Johnny Mayes

Personal information
- Born: 29 April 1947 New South Wales, Australia
- Died: 30 July 2025 (aged 78) Evans Head, New South Wales, Australia

Playing information
- Position: Halfback
Club
| Years | Team | Pld | T | G | FG | P |
| 1968–72 | Eastern Suburbs | 47 | 21 | 0 | 2 | 65 |
| 1973 | Manly-Warringah | 24 | 16 | 0 | 1 | 49 |
| 1974–77 | Eastern Suburbs | 63 | 34 | 0 | 0 | 102 |
|  | Total | 134 | 71 | 0 | 3 | 216 |
Representative
| Years | Team | Pld | T | G | FG | P |
| 1975 | Australia | 3 | 0 | 0 | 0 | 0 |
| 1978 | Newcastle |  |  |  |  |  |
- Source:

= Johnny Mayes =

Australia rugby league player (1947–2025)

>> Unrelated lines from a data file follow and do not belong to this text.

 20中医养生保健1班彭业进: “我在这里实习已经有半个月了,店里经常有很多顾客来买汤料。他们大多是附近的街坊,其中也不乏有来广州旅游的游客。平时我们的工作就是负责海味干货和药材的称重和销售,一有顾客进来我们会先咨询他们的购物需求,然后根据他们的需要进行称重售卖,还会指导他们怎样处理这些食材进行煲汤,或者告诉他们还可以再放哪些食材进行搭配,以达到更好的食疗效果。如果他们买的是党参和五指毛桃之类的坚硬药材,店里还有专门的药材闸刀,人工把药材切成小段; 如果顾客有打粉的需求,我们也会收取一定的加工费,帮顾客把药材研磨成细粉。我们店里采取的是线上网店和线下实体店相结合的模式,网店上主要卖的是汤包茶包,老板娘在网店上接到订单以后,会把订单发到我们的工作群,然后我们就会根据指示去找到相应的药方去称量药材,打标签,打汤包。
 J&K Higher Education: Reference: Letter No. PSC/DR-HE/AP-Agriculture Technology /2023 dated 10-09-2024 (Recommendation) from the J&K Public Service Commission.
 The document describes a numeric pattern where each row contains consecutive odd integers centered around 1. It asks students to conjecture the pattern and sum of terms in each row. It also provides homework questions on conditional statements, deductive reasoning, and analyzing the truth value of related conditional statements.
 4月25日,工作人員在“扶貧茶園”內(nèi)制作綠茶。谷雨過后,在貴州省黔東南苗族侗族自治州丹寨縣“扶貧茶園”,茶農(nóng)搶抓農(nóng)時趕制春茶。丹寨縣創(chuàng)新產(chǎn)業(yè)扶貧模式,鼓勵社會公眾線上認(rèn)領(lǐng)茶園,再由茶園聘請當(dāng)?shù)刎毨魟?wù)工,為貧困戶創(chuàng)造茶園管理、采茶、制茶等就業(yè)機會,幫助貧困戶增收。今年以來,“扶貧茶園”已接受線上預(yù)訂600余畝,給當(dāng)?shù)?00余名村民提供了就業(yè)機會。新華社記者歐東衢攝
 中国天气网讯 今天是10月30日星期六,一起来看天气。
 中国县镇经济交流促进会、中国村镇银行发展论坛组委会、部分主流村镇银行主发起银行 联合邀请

Johnny Mayes (29 April 1947 – 30 July 2025) was an Australian rugby league halfback who represented Australia in the 1975 World Cup. He also played in three consecutive premiership-winning teams from 1973 to 1975, the first for Manly-Warringah and the latter two for Eastern Suburbs.

==Club career==
===Eastern Suburbs (1968–1972)===
Mayes had a slow start to his career with Eastern Suburbs owing to competition from established 1967–68 Kangaroo tour half Kevin Junee. He first played first grade in 1968, but was still mostly in reserve grade for several years. When Junee was injured in the years after winning the Rothmans Medal in 1970, Mayes spent a considerable amount of time in first grade and for part of 1972 actually relegated Junee to the reserves - though by finals time Junee had displaced him again, playing in the club's 19–14 grand final loss to Manly-Warringah.

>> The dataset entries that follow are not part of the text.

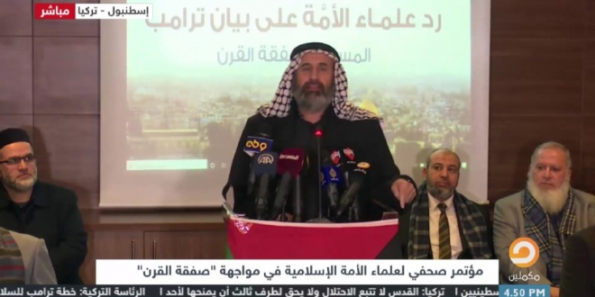 أدان الاتحاد العالمي لعلماء المسلمين الإعلان عن صفقة القرن المزعومة، مطالبا الدول العربية والإسلامية بالوقوف ضد قراراتها.
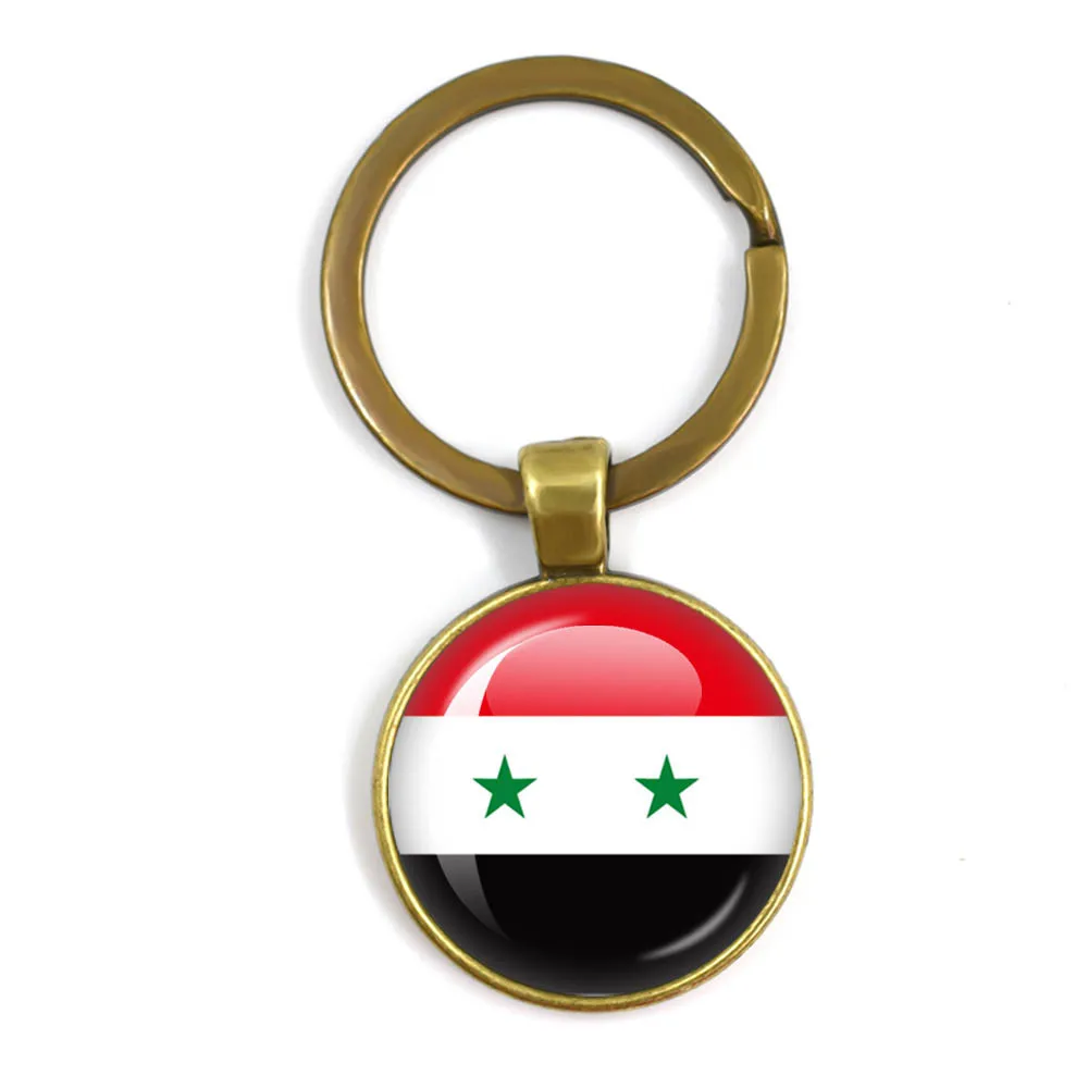 Syria Flag National keychain Glass Cabochon Pendant Keychain For Women Men Charm Car Keyring Creative Fashion Jewelry Gift
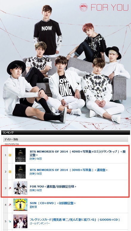 지난 27일 일본 타워레코드 예약 판매 차트에서 방탄소년단의 공연 실황을 담은 한정판 DVD ‘BTS Memories of 2014’가 차트 1위에 올랐다. 또 일반판은 2위에, 오는 6월 발매되는 방탄소년단의 싱글 음반 ‘포 유(For You)’가 차트 3위에 랭크됐다. ‘포 유’는 방탄소년단이 일본에서 네 번째로 선보이는 싱글로. 동명의 타이틀곡과 일본어로 부른 ‘호르몬 전쟁’ ‘렛 미 노우(Let Me Know)’등 3곡이 담길 예정이다.

===Manly-Warringah (1973)===
Being a similar type of halfback to Junee, Mayes naturally sought another club to be sure of a first grade berth and Manly, with Dennis Ward dropping out, picked him up for the 1973 season. Mayes' growth as a player that year was remarkable. He scored sixteen tries - four in one match against Penrith - and won Rugby League Weeks Player of the Year award. He was freely tipped to go on the 1973 Kangaroo tour but was not chosen, and was, remarkably, swapped for Junee so he could return to Easts the following year.

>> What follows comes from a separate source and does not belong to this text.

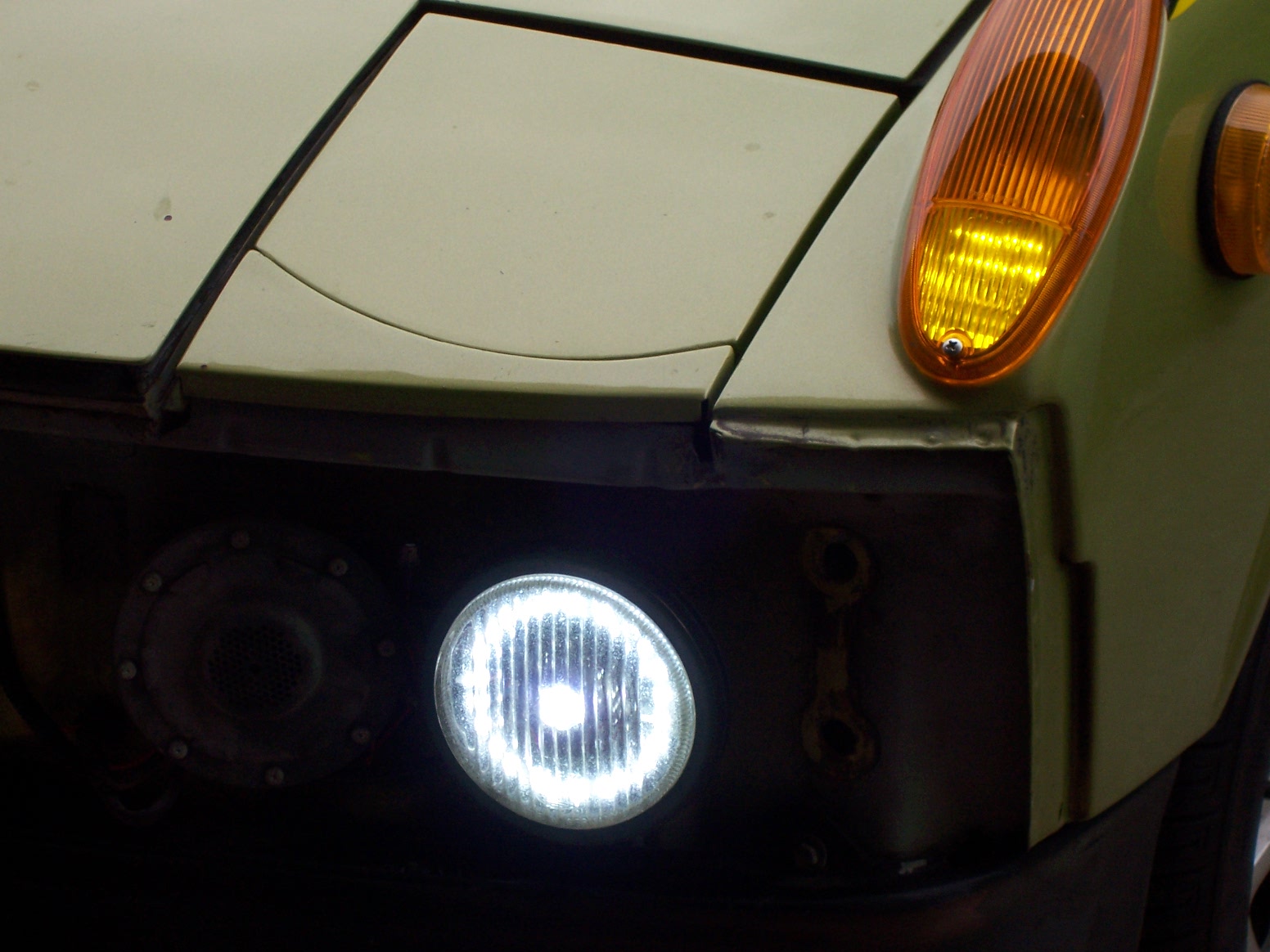 http://www.ebay.com/itm/2x-12V-70mm-2-8-10...%3D141660644547 If I these discs were offered in 2014, then I would have installed those instead, and likely used open cell foam padding or sheet packing foam, to force the disc of LEDs to press against the rear of the fog light lense. Here is my most recent addition of a LED light bar to the top of the fog light grille. Scroll down to Xmas day, Dec 25. These light bars zip tied to the top of the grille is also a pretty simple mod, and in daytime, these light bars are actually so bright, they are really annoying, and readily do the job of DRL for our low slung cars. The wiring of these are a feed from the dashboard, so that when the car is running, the light bars are on. Alternatively, the halo rings of LEDs are controlled by the fog light switch. I do not have any fog lights. that said, if I were going to do the spring method, I just found a vendor on ebay from which I could start collecting the bits: http://www.ebay.com/itm/4-Pcs-3-3-Long-Aju...mQAAOSw0JpV6G5H here's the lite bar update of my mod. http://www.914world.com/bbs2/index.php?sho...774&st=7060 given the mods above, I would try that bar lite install first. It only requires you to remove and zip tie the light bar to the grill. once you see them on, you will realize you do not need to do surgery on the OEM fogs. |
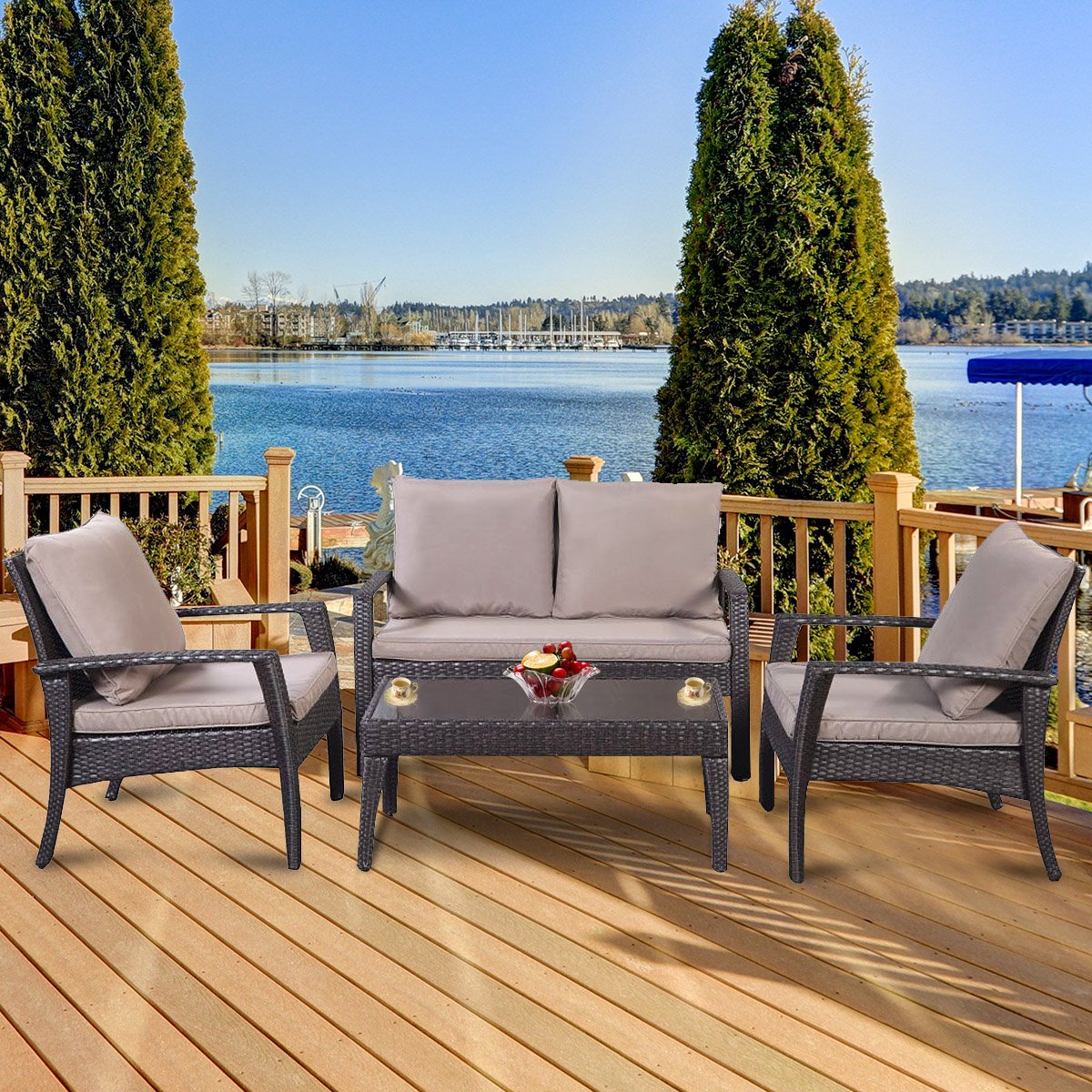 You can enjoy a relaxing nap or. We provide a selection of indoor & outdoor furniture,home decor products.find our lowest possible price!. This 4 pieces black furniture set including 1 loveseat, 2 single sofas and 1 tea table can not only make your outdoor life more comfortable, but also let your garden more beautiful.

===Eastern Suburbs (1974–1977)===
This rather unusual swap was surprisingly beneficial for Mayes. Junee was the 1974 season's leading try-scorer, whilst Mayes' courageous defence and frequent darting runs helped Easts develop a powerful attack and solid defence that ensured the team dropped only seven games under coach Jack Gibson in 1974 and 1975. In the 1975 grand final Mayes scored a brilliant try after an arcing run cross-field by winger Bruce Pickett and another one after running through a gaping hole, whilst he scored four tries for the second time against Canterbury-Bankstown.

However, with Junee's return to Easts and the unexpected emergence of the relatively unknown Kevin Hastings, Mayes spent much of 1976 in reserve grade again despite actually being the incumbent Australian test halfback. During the 1976 season, Mayes played in Easts victory in their unofficial 1976 World Club Challenge match against reigning British champions St. Helens at the Sydney Cricket Ground. With Junee gone for good, he fought with Hastings for a first grade spot in 1977 before returning to Newcastle where he captained the Newcastle representative team to a win over New Zealand in 1978.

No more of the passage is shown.